The Guardian
The Guardian, starring Kevin Costner and Ashton Kutcher (yes, somebody thought this was a good pairing) opens in theaters near you this Friday. As a highly respected member of the media I obtained an invitation to see this cinematic masterpiece.
Costner plays the stereotypical grizzled, seen-to-much, haunted veteran, that we have seen a thousand times before in any movie remotely associated with the military. This time Costner’s character is a veteran grizzled seen-to-much haunted Coast Guard rescue diver. There is some sort of accident and he is the only person to survive this tragedy. This of course leads to approximately 10,000 different references to the accident and his wondering, "Why me? Why did I live?" The Coast Guard decides to reassign him to being a trainer for the young rescue divers.
This leads us to Ashton Kutcher. I do not get people’s fascination with this clown. He has no discernible talent, is ridiculous looking and the one thing that seems to keep him in the news is that he is married to Demi Moore. Anyway, Kutcher plays the stereotypical young, brash, cocky, upstart that we have seen a thousand times before, (see Richard Gere in an Officer and a Gentleman and you will know who he is channeling).
There is the inital clash between these two screen titans as Costner sees some of his former self in the young hero, but he needs to challenge him to bring out the best that he can be.
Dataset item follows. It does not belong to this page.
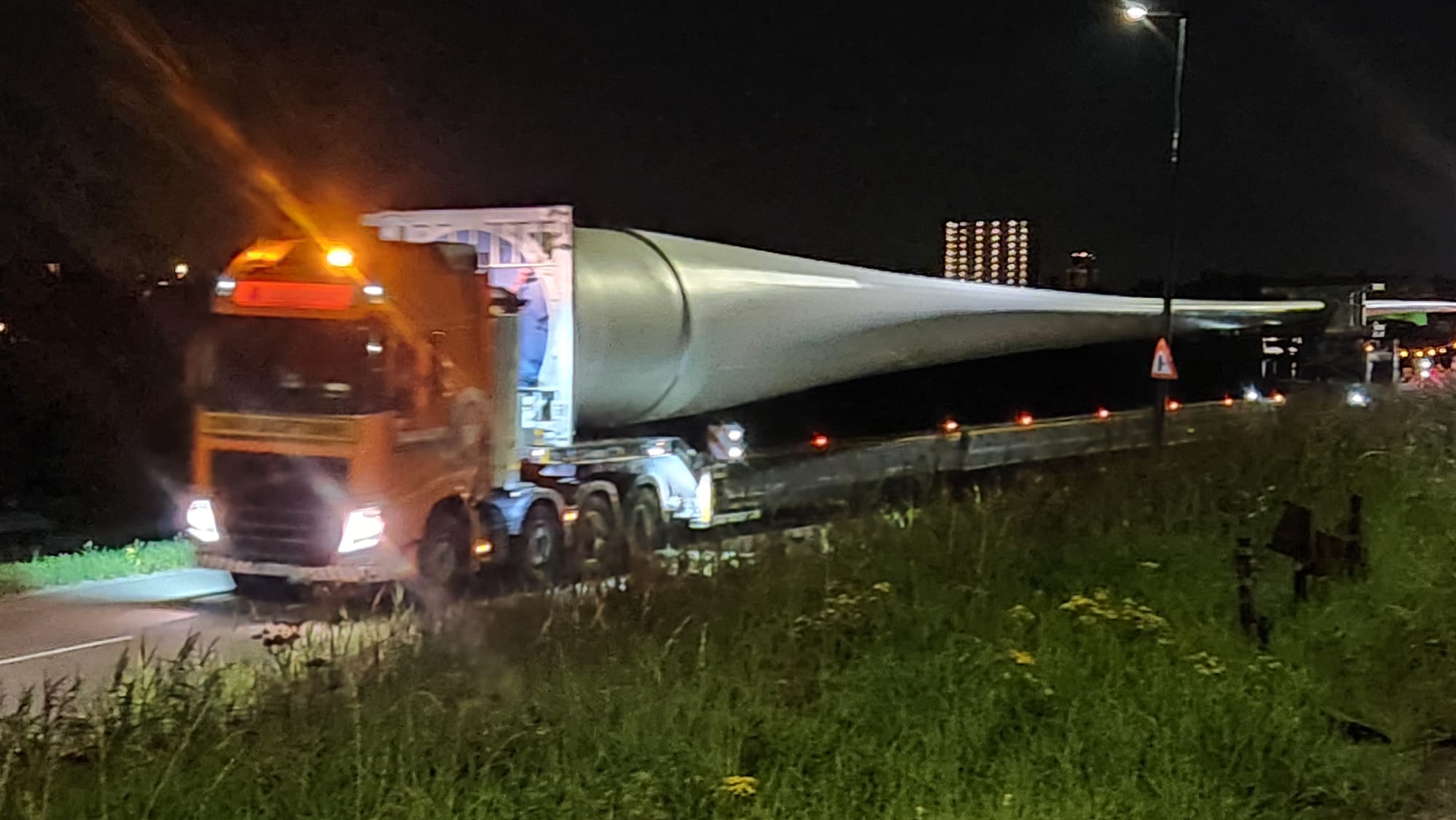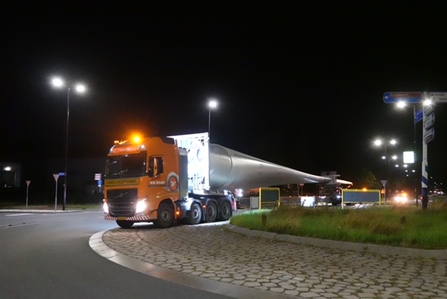 In de late uurtjes van 22 en 24 augustus zijn de rotorbladen van de twee windturbines naar de bouwplaats in het Oeverbos getransporteerd. De bladen zijn van de Rotterdamse haven via Utrecht naar Vlaardingen gebracht. Niet de kortste route, maar dat had alles te maken met de lengte van het bladen, 57m en deze kunnen niet door een tunnel vervoerd worden. Om een dergelijk transport te realiseren zijn veel mensen in de weer. Voor de begeleiding van het transport, de afzetting en te zorgen dat het vooral veilig gebeurd. Een extra complicatie was dat er gewerkt wordt aan het kruispunt bij de afslag van de A20 ter hoogte van de afslag Vlaardingen West. Het was bijzonder indrukwekkend om 3 vrachtwagens van elk 65 achter elkaar de afrit af te zien komen en dan vervolgens uiterst voorzichtig onder het viaduct door te zien gaan. Waarna vervolgens bleek dat er nog een boom in de weg stond en een reclame zuil. Al met al is alles netjes afgeleverd en kijken we uit naar het volgende transport t.w. de onderdelen van de torens. Met de huidige planning worden deze verwacht in week 35 en dan kan het in elkaar zetten van de turbines uitgevoerd gaan worden. Vanaf het fietspad langs het water kunt u de activiteiten volgen.

Training montages complete with heart-rendering music to make you really care about the divers and what they do. Once the initial tension between Costner and Kutcher wears off, they bond in the most manly fashion possible, they get in a bar fight together. There is nothing like a bar fight to bring to men together. It is amazing how often it happens. After my weekly bar fight I have a new friend. Whenever you are out at a bar and you see a fight break out, you know "wow, here comes two new best friends!"
This leads us to the scene that is going to lead to Oscar buzz for the two of them. The very heart wrenching scene where Kutcher asks how he can be like Costner and "..decide who lives and who dies?" Costner of course answers in all seriousness, the line that is going to have people crying in their seats, "I swim as hard as I can, as fast as I can, and the sea takes the rest." It is such a moment that I can not do it justice.
Now that the two of them are friends and Kutcher has some sort of love interest in this film. They have to go out on the water and make a rescue together! Kind of a passing of the torch so to speak. Things go bad on this rescue, leading Costner to dive in and try to save his young protege. At one point, a superior officer told Costner that he is not to jump in the water in any case; however, Costner must save Kutcher and damn the regulations. This of course leads to the dramatic self-sacrifice as Kutcher makes the decision to save someone else and Costner valiantly dies.
I would like to point out that I did not actually see this movie and have extrapolated all of these plot points from the preview and other movies of a similar ilk. How is this possible? Hollywood has not had an original idea in approximately 46 years. They simply remake other films. I am awaiting the day that I am placed in charge of Hollywood and when someone pitches an idea like this to me I will simply say "No. We have seen that before, and what the hell were you thinking giving Ashton Kutcher work?" Ah well, at least I am getting in a bar fight tonite so I can bond with my friends.
September 28th, 2006 at 11:03 am
1) Are either of these two over 7 feet tall? This would add a bit of reality to this movie. Seven feet is a requirement for the Coast Guard because when the ship sinks, everone can walk back to shore.
2) People get in bar fights and become friends all the time. If its in the movies it has to be true. Take for example the classic Navy movies. According to those movies all we ever do while at sea is tap dance and sing.
September 28th, 2006 at 11:42 am
This reminds me of the time that I told Bryan the whole plot of “The Notebook” without ever having to subject mydself to a viewing. He was totally freaked out.
September 28th, 2006 at 12:49 pm
This movie needs some Muppets! They make any piece of crap story a bit more palatible, and they can really spruce up the big song and tap dance number when they run into those Navy boys.